Песочек, песочек, песочек янтарный, песочек серый, травка… Травка… травка… стоп! Ты что, себе не доверяешь, парниша? Сам себе не веришь? А ну отверни морду обратно. Нечего туда глазеть. Лежи себе, загорай, наслаждайся покоем и приятным отдыхом. Я тебе сказал, морду в песок! Что, своим телом управлять разучился, рефлексы одолевают, как зевота? Сейчас отжиматься начнешь… Хочешь? Нет? То-то же… Что? Уже не прочь, лишь бы туда посмотреть? Ладно, поворачивай рыло и смотри – успокой душу. Я тебе сказал, поворачивай. Тебя что, приклеило, а? Да не трусь, там полный порядок… А вдруг? Без всяких вдруг. Давай, парень, не робей, на счет три. Раз, два… Готов, нет? Стараешься? Молодец, сейчас три будет. Что-то шея у тебя как деревянная. Ну да, как у того саксаула, что давно дождя не видел. Два с половиной сказать, говоришь? Нет, мы же никогда не останавливаемся на половине. Внимание… Три!
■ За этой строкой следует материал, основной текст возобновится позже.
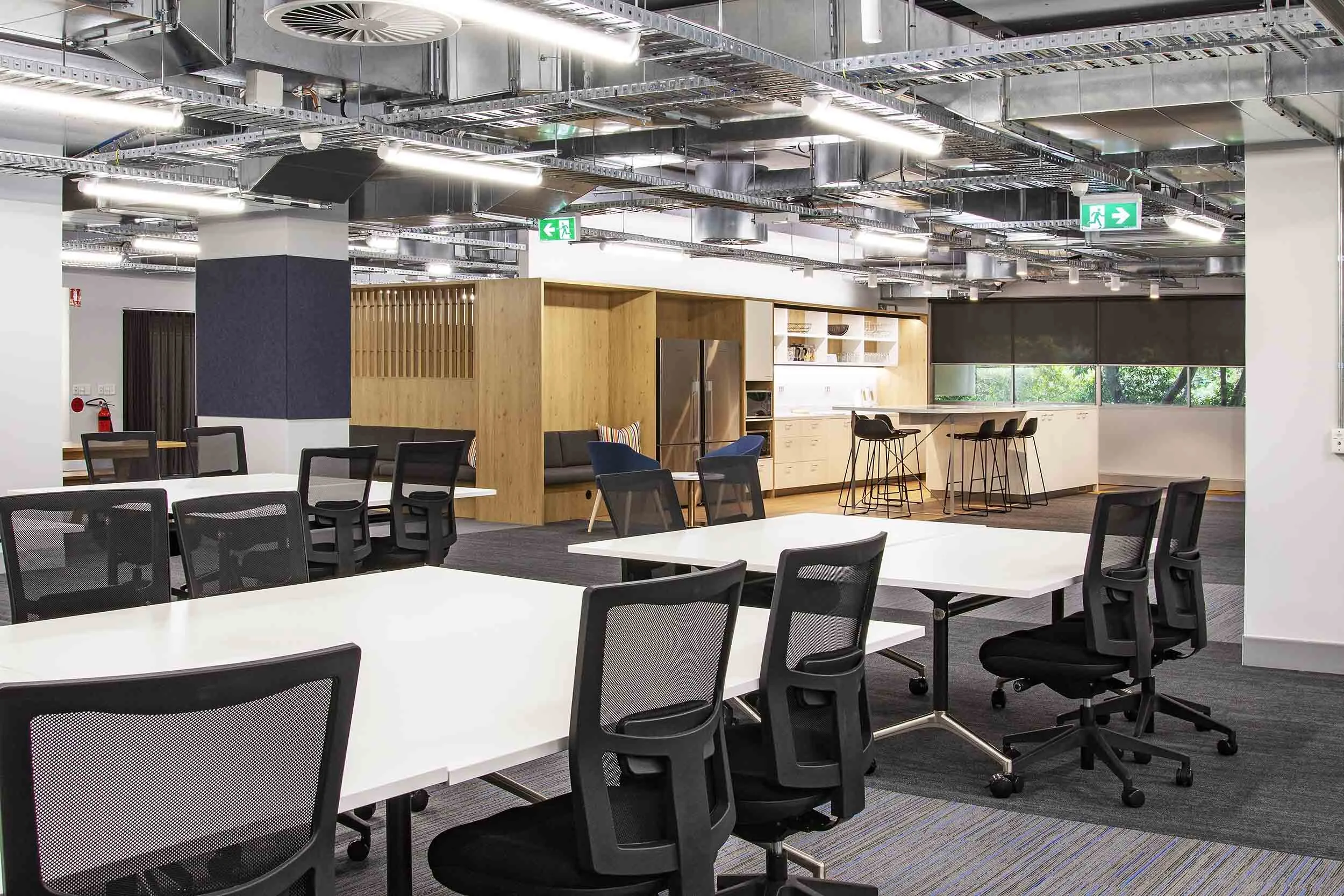 Resilient materials, from walls and floor to kitchen surfaces mean high traffic areas are easy to maintain and present well at all times. Timber textures bring the variety of spaces together and add warmth to an otherwise very practical space.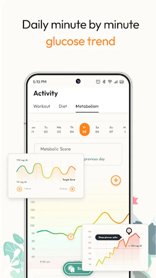 3. CGM devices: Measures what foods and activity affect your body with a Continuous Glucose Monitor. No daily pricking

Ну что убедился? Что, ты еще не повернул свое ры…
Вот так-то лучше.
Стоит?
Я же говорил, что ему сделается.
Блестит на солнышке, как надраенная металлическая задница. А сзади корабля лес. Густой, могучий… Красивый, зараза. Вместо нашего давно уже трубы промышленные дымят, а что такое лес – молодежь только на картинках видит. И пневмопалатка на месте.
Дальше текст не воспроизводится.